Michael J. Price Lab for Digital Humanities

Mining Goodreads

Mining Goodreads

Literary Reception Studies at Scale

Jim English

John Welsh Centennial Professor of English; Director, Wolf Humanities Center; Faculty Director, Price Lab for Digital Humanities

Lyle Ungar

Professor of Computer and Information Science

Rahul H. Dhakecha

MSc Student, Computer Science

Scott Enderle

Digital Humanities Specialist, Penn Libraries

Funding Period: 
June, 2016September, 2018

Project Manager: James Pawelski
Director of Education and Senior Scholar, Master of Applied Positive Psychology Program

Previous Research Assistants: Tianli Han (MSc SEAS), Sharvin Shah (MSc SEAS), Daniel Sample, Alex Anderson, Savannah Lambert, Amy Stidham (CAS)

Supported by the Price Lab for Digital Humanities in partnership with the Positive Psychology Center and the World Well-Being Project.
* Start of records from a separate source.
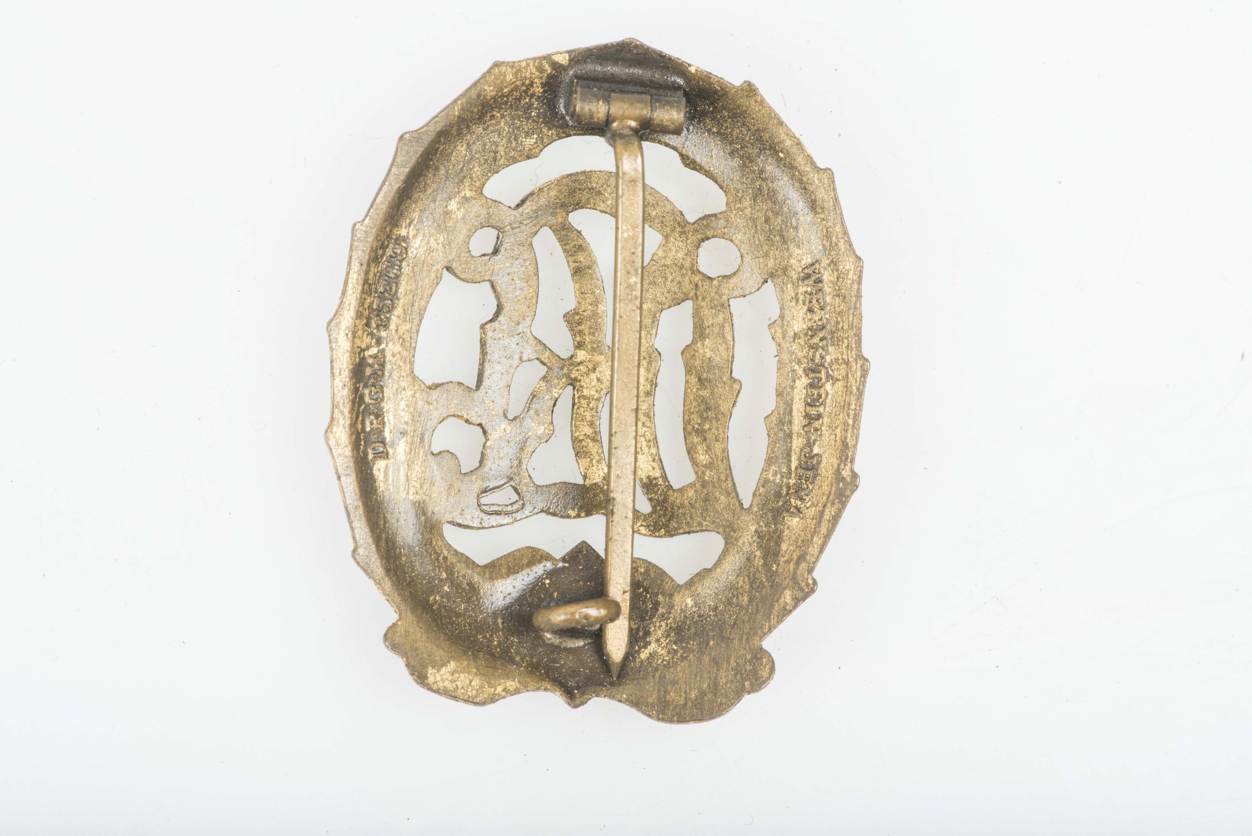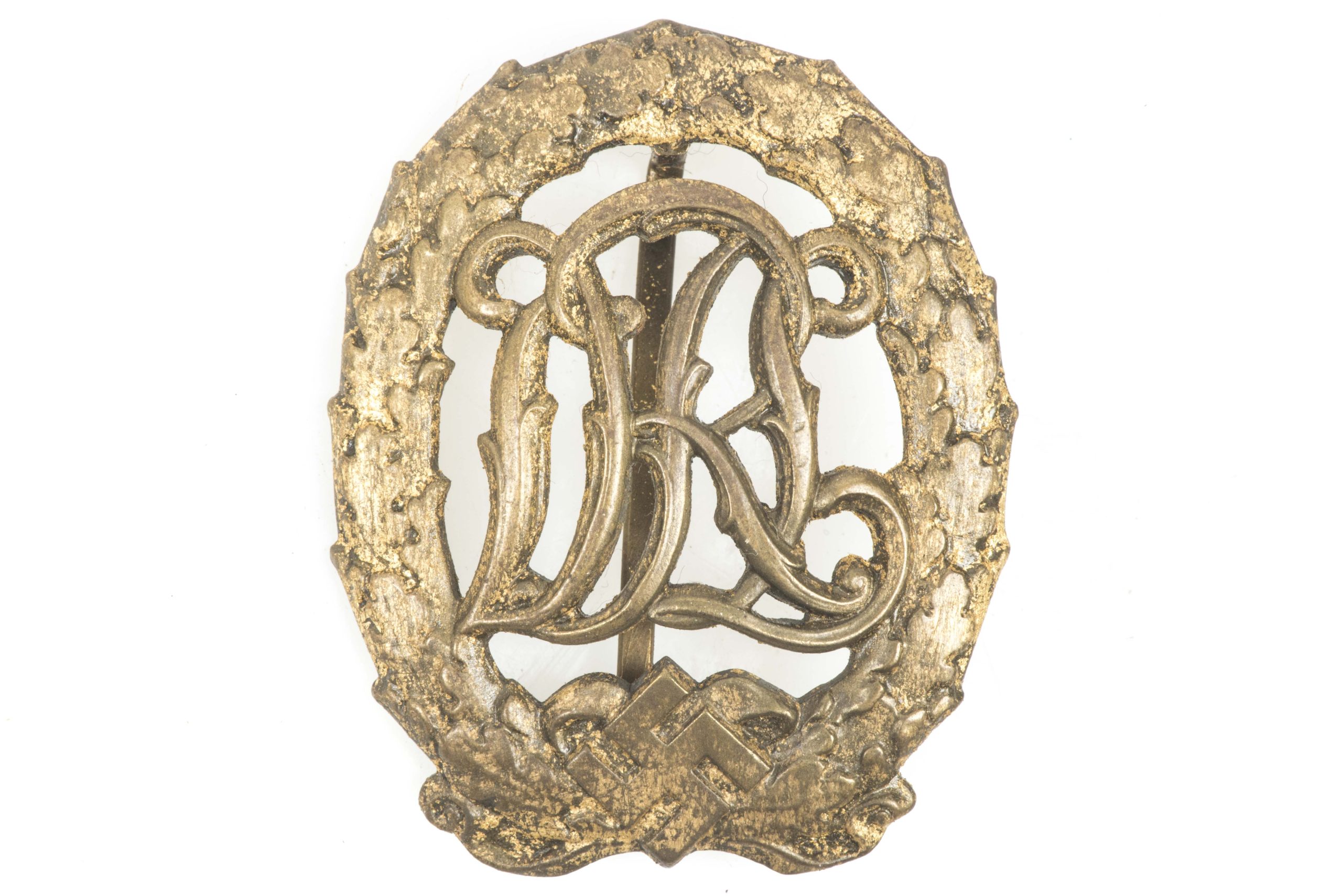DRL sport badge in gold marked Wernstein, Jena in excellent condition. This is not to be confused with a bronze variant but with a clear gold coloured finish. Hard to find!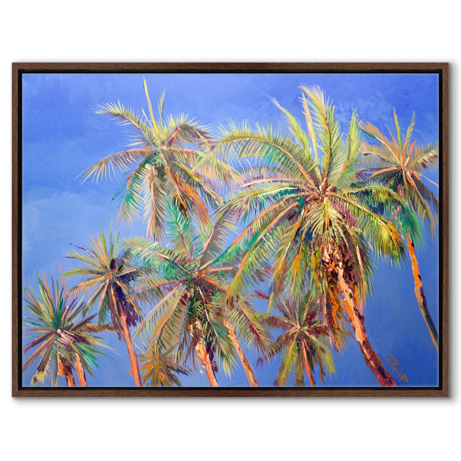 Coconut Palms 35"x43" Walnut Framed Embellished Canvas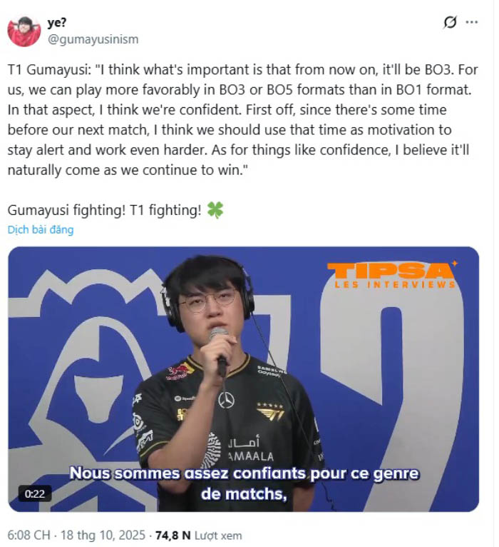 Với thất bại trước Gen.G và CFO, T1 đang vào thế khó khi họ chỉ cần thua thêm BO 3 nữa là sẽ kết thúc hành trình của mình tại CKTG. Sau trận thua trước Gen.G, dù có vẻ tinh thần cả đội và người hâm mộ không tốt lắm nhưng đã Gumayusi thể hiện sự tự tin vào các trận đấu BO 3 sắp tới hơn là BO 1 trước đó :
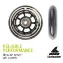 8 Wheels Per Set Diameter: 76mm Durometer: 80a 16x SG5 Bearings Included 8x 6mm Spacers Included Less Friction and Increased Speed - SG5 silicone/grease Rollerblade 76mm wheels are designed for reliable performance at a great value. The wheel kit comes with (8) 76mm wheels, (16) SG5 bearings and (8) 6mm spacers preassembled for replacing wheels.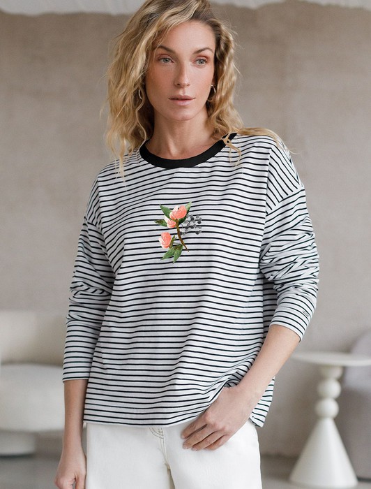 Лонгслив в полоску с принтом из премиального хлопка с эластаном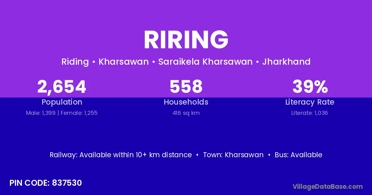 Riring village has a total population of 2,654 people, of which 1,399 are males and 1,255 are females.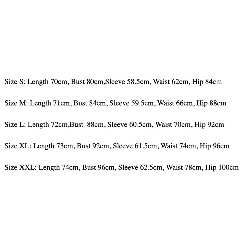 | Size | Height (cm) | Chest (cm) | Waist (cm) | Hips (cm) |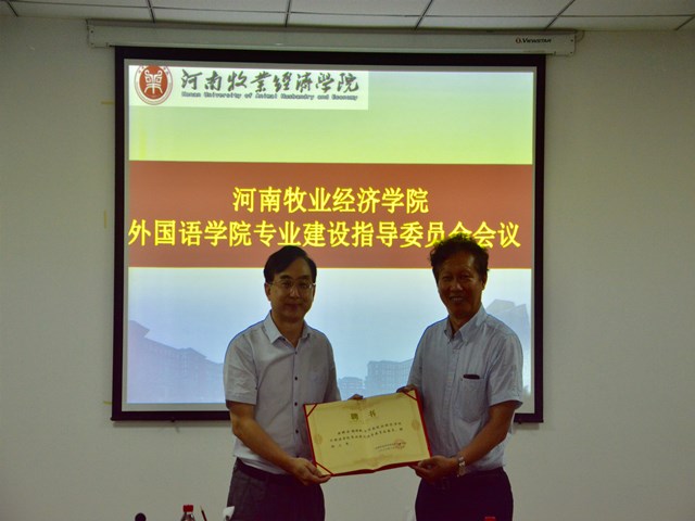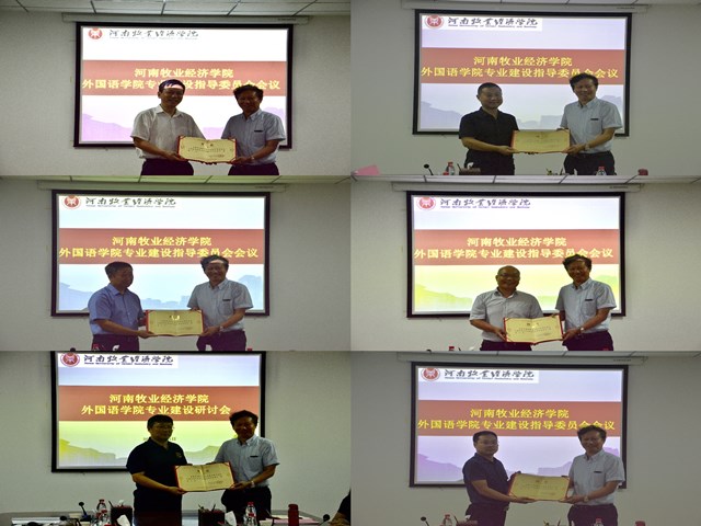 省涉外翻译与语言服务专家指导委员会主任、中国翻译协会对外话语体系研究委员会副主任,英语译审、省委外办原一级巡视员杨玮斌、中原工学院太阳成集团122ccvip院长郭万群教授、华北水利水电大学社科处处长魏新强教授、河南农业大学太阳成集团122ccvip院长张俊杰教授、郑州国际会展中心有限公司党委委员、董事、副总经理揭开宇、河南省国际贸易网商协会常务秘书长王毅、河南伊赛尔电子商务有限公司总经理申伟栋等校外专家应邀参会。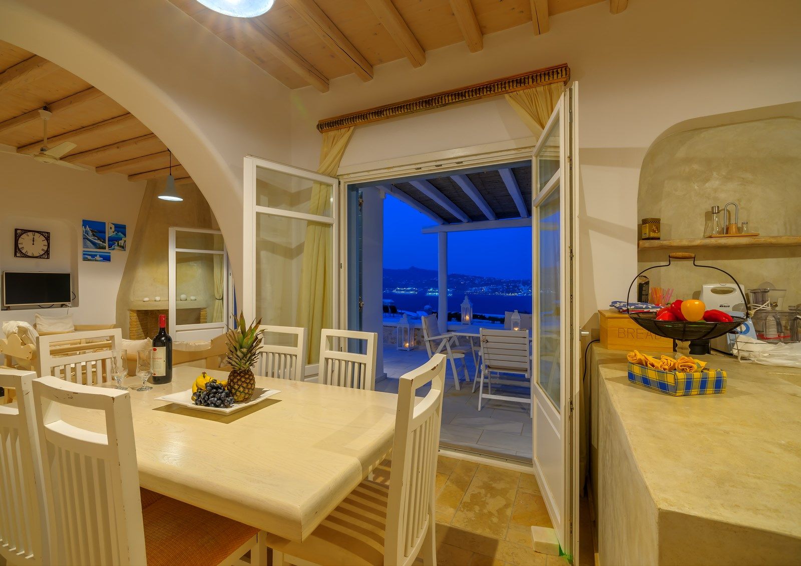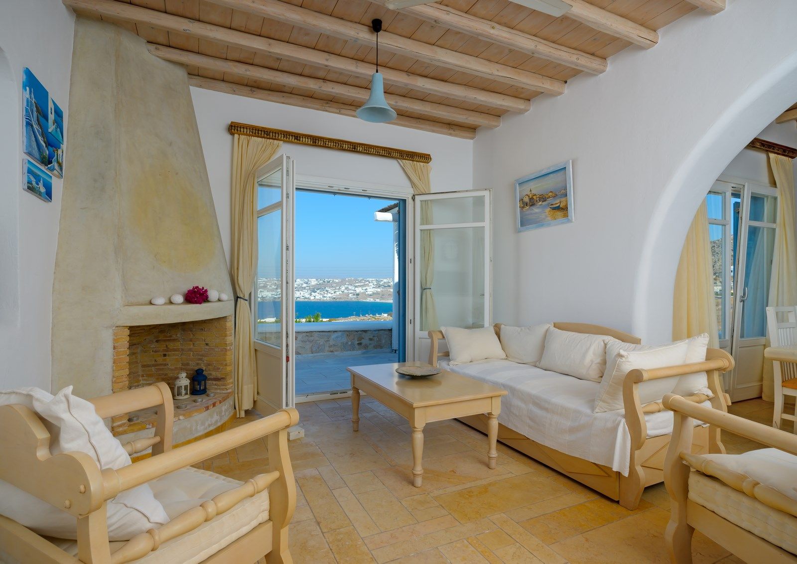 Renovated in 2020, the villa blends traditional Mykonian design—whitewashed walls, marble floors, wooden beams, and built-in furnishings—with modern comforts. Its idyllic setting is enhanced by a 10 sq.m. private pool, lush gardens, and expansive outdoor spaces designed for relaxation and recreation.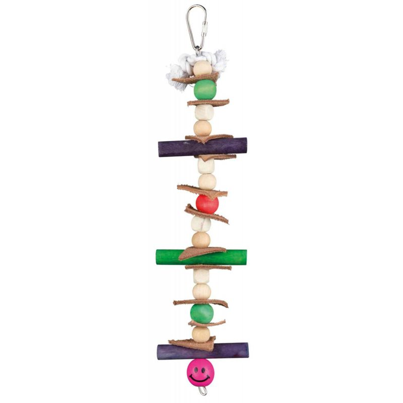 Gioco in legno di Trixie per uccellini come calopsite e cocoriti. È realizzato con corda, cuoio e perline. Multicolore. Misure: 28 cm.

This project studies readers’ habits and experiences of literary consumption via computational analysis of online reader reviews in the massively popular Goodreads social reading site. We are currently working with some three million reviews from the site and the corresponding reader data.  We began with all the reviews of the two main sets of novels in the Contemporary Fiction Database Project, a parallel stream of research supported by Price Lab.  These novels were either top-ten bestsellers for some year since 1960, or they were shortlisted for major fiction prizes in the US, UK, or other English-speaking countries in some year since 1960.  Contrary to the widespread view that cultural consumers are becoming less polarized between high and low culture (the “omnivore thesis”), we found very little overlap between readers of these two sets of books.  And we observed that when readers do read both commercial blockbusters and critically esteemed works, they not only use different vocabularies to describe them (as one would expect), but they shift sharply between contrasting linguistic registers, using a younger and more typically “female” register to discuss their reading of bestsellers and an older, more characteristically “male” register to discuss critically prestigious novels. The sense of a great divide between the popular and the prestigious, a divide that has always been strongly gendered, remains so firmly embedded that it induces a kind of linguistic code-switching as an unconscious effect.

 

The guiding principle of univorousness appears to extend as well to readers of popular genre fiction.  Comparing reviews of three additional sets of contemporary novels, works of Science Fiction, Detective Fiction, and Chick-Lit, we again find scant overlap among readers.  Ongoing analysis of a random set of 1750 high-volume readers (users who have reviewed at least 150 books on Goodreads) finds that even these most avid of readers look to fiction to provide relatively predictable and self-similar forms of reading pleasure rather than new, unexpected experiences.

 

The next phase of our work is to analyze large sets of 5-star reviews corresponding to different groups of readers, so as to compare the different scales of value and the different forms or modes of “positive” reading experience corresponding to different genre preferences.  This analysis will be presented at a multi-day workshop on “Literature and Human Flourishing” in September 2018, and published in an Oxfored UP volume co-edited by Jim English and Heather Love.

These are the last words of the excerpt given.